Human evaluators penalize responses that turn out to be wrong. The model learns to hedge — "it depends," "there are several approaches," "this may vary." This is often appropriate, but it can make agents indecisive when you need them to commit to a specific action or recommendation.

The Confident Error

Sometimes RLHF produces the opposite effect from hedging. A well-structured, confident response that happens to be factually wrong can rate higher with human evaluators than a hesitant response that is correct — because humans tend to conflate confidence with accuracy. The model learns this pattern too.

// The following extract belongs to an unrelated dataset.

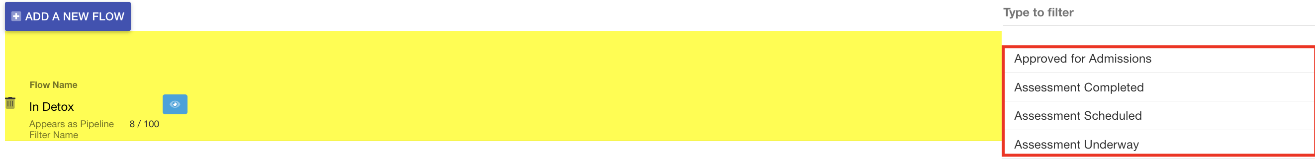- The Admissions Pipeline will now display the new flow you have created.

The consequence: when an LLM hallucinates, it does so with conviction. It is not deliberately lying. It is making a bad prediction (generating a token that does not reflect reality), but it has also learned that confident delivery is preferred. The combination of a wrong prediction and a confident tone produces the hallucinations that are factually incorrect yet stated with authority.

The Training Data Detective Framework

The practical takeaway from understanding the training pipeline is a framework for reasoning about LLM behavior:

When an LLM does something surprising — good or bad — ask: what was in the training data that would produce this behavior?

This framework applies broadly:

LLMs translate well between programming languages — because GitHub contains many implementations of similar projects in different languages, plus discussions about porting code.
LLMs struggle with recent information — because the training data has a cutoff date. The model has never seen information published after that date.
LLMs are good at cover letters and marketing copy — because there are enormous amounts of this content online, with many examples of polished versions.
LLMs sometimes produce code with subtle security issues — because most code tutorials and blog posts focus on functionality, not security. The insecure pattern is more common in the training data than the secure one.
LLMs prefer popular libraries over niche ones — because popular libraries appear far more frequently in the training data. The more common a pattern is on the internet, the better the LLM will be at reproducing it.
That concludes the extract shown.